* _Activity_:
From the material below, set down exactly the lines that run from the one containing "Selling a pair" to the one containing "Beyaz Dantelli Mini Abiye Elbise", minus the pictures.

* _Data shown_:
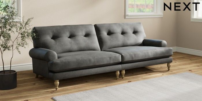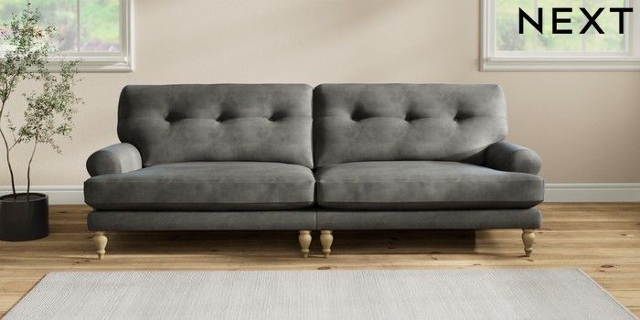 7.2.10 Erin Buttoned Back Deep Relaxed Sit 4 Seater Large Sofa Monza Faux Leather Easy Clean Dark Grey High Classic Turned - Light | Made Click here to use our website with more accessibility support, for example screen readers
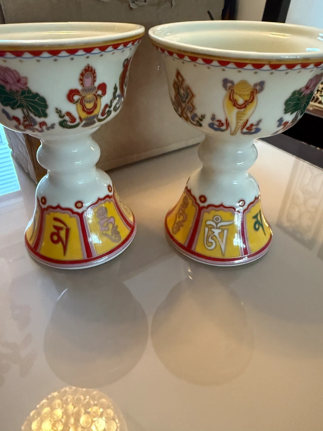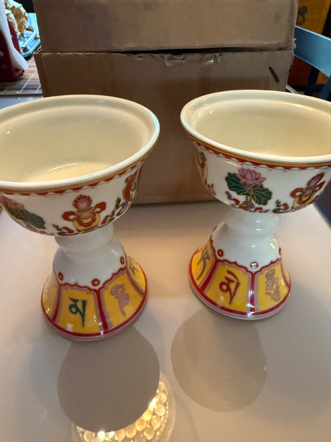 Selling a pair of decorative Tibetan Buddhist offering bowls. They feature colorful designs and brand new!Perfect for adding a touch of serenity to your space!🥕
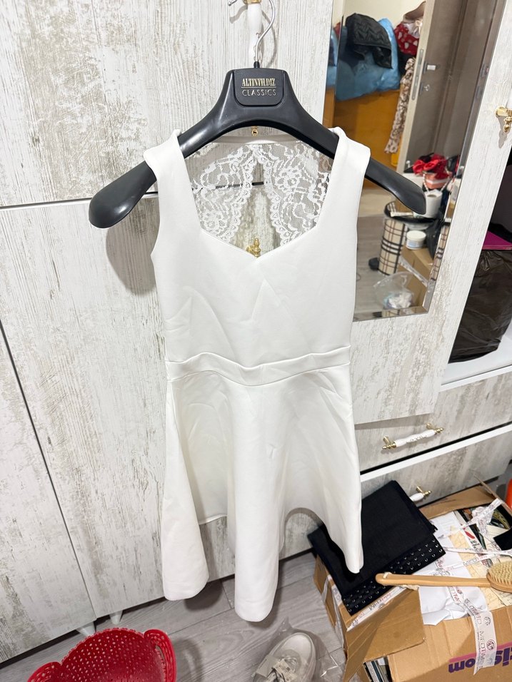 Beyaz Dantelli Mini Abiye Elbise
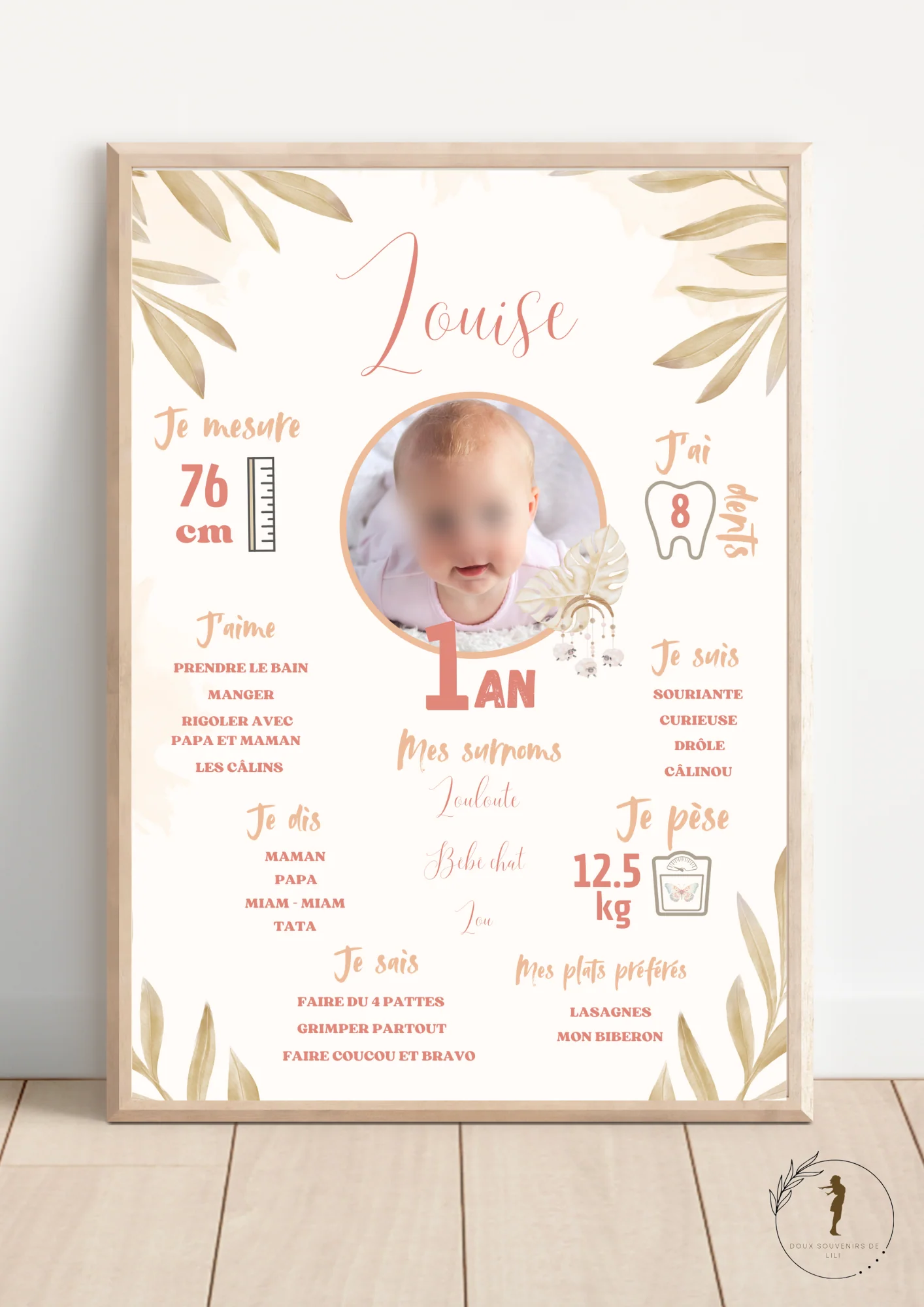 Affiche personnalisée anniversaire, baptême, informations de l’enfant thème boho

* _Answer for this exercise_:
 Selling a pair of decorative Tibetan Buddhist offering bowls. They feature colorful designs and brand new!Perfect for adding a touch of serenity to your space!🥕
 Beyaz Dantelli Mini Abiye Elbise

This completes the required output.